Metrics of Hi-Canu assemblies of down-sampled CCS data
| ID | 19k | 22k | Reads (Gb) | Coverage | N50 (Mb) | N90 (Mb) | Size (Gb)b | Size 1 Mb (Gb) | HC genes | Label sites |
|---|---|---|---|---|---|---|---|---|---|---|
| 3_2_trim | 3 | 2 | 132.7 | 26.5 | 28.7 | 3.6 | 4.48 | 4.17 | 97.1% | 99.0% |
| 3_2 | 3 | 2 | 132.7 | 26.5 | 31.1 | 3.9 | 4.50 | 4.17 | 97.1% | 99.0% |
| 3_1 | 3 | 1 | 109.3 | 21.9 | 25.8 | 4.4 | 4.42 | 4.16 | 97.0% | 98.7% |
| 2_2 | 2 | 2 | 99.2 | 19.8 | 21.6 | 3.8 | 4.39 | 4.15 | 96.9% | 98.5% |
| 3_0 | 3 | 0 | 89.8 | 18.0 | 19.5 | 3.7 | 4.35 | 4.15 | 96.8% | 98.5% |
| 2_1 | 2 | 1 | 79.9 | 16.0 | 13.1 | 2.9 | 4.33 | 4.13 | 96.2% | 98.3% |
| 1_2 | 1 | 2 | 69.8 | 14.0 | 8.0 | 1.9 | 4.30 | 4.05 | 95.3% | 98.2% |
| 2_0 | 2 | 0 | 63.0 | 12.6 | 5.8 | 1.4 | 4.28 | 4.00 | 94.8% | 98.1% |
| 1_1 | 1 | 1 | 52.8 | 10.6 | 2.5 | 0.6 | 4.26 | 3.50 | 92.0% | 97.5% |
| 1_0 | 1 | 0 | 33.6 | 6.7 | 0.4 | 0.1 | 4.18 | 0.48 | 80.5% | 88.2% |
Two libraries with average insert sizes of 19 and 22 kb, respectively, were prepared. The 19 k library was sequenced on three SMRT cells, the 22 k library on four. The columns report the number of SMRT cells whose reads were included in the assemblies.
Total assembly size.
Cumulative size of sequences contained in scaffolds larger than 1 Mb.
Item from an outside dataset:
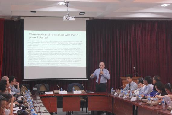 Am 13. August 2019 organisierte die Diplomatic Academy of Vietnam (DAV) in Zusammenarbeit mit der KAS die dreizehnte Konferenz der China Talk-Reihe. Diesmal sprach Dr. Vasilii Kashin vom Centre for Analysis of Strategies and Technologies in Moskau über die jüngsten Trends in der Entwicklung der chinesischen Verteidigungsinnovation und der industriellen Basis. Um diese zu verstehen, erläuterte Dr. Kashin zunächst die Geschichte der chinesischen Verteidigungsinnovation. Nachdem die militärische Modernisierung in den 1980er und 90er Jahren an Priorität verloren hatte, änderte der amerikanische Bombenanschlag auf die chinesische Botschaft in Belgrad 1999 die chinesische Wahrnehmung und Peking unternahm große Bemühungen das Militär zu modernisieren. Nachdem China sich auf begrenzte Technologieimporte aus den USA (bis 1989), Israel (bis Anfang der 2000er Jahre) und postsowjetischen Ländern (1989 bis heute) stützte, konnte es Ende der 2000er und 2010er Jahre eine Reihe von Durchbrüchen erzielen. Dazu gehören Radartechnik, Militärapplikationen und militärischer Schiffbau. Die wachsenden Spannungen mit den USA lassen China seit 2009 aktiv für die zukünftige Konfrontation planen. Dies führt zu einem Air Sea Battle-Konzept. Während sich die Spannungen mit den USA seit Mitte 2018 durch den Handelskrieg weiterhin verschlechtern, erholt sich die Verteidigungszusammenarbeit mit Russland. Diese jüngsten Trends werden höchstwahrscheinlich zu einer noch stärkeren chinesisch-russischen Integration führen, während Chinas Chancen, den Wettbewerb für Verteidigungsinnovationen mit den USA zu gewinnen, realistischer werden, sagte Dr. Kashin. Prof. Dr. Nguyen Hong Quan, ehemaliger stellvertretender Direktor des Instituts für Verteidigungsstrategie des Verteidigungsministeriums und Dr. Do Le Chi, Direktor des Ministeriums für öffentliche Sicherheit, Abteilung für Wissenschaft, Geschichte und strategische Studien, waren zwei Kommentatoren dieser Veranstaltung. Beide teilten wertvolle Beiträge zum Streben Pekings nach Verwirklichung seiner Macht und zu den Sicherheitsbedenken Vietnams - eines der am stärksten betroffenen Länder in der Region. Die Veranstaltung wurde von anderen bekannten Wissenschaftlern sowie von Interessenträgern von Forschungsinstituten, Botschaften und Regierungsbehörden mit großem Interesse besucht.

Proportion of aligned Morex V2 HC gene models, minimum alignment length: 99%, minimum identity: 100%.
Proportion of aligned DLE1 label sites of the Bionano map.
3_2_trim is the CCS_Canu assembly used for constructing the Morex V3 pseudomolecules. In 3_2, the trimming step was omitted in HiCanu.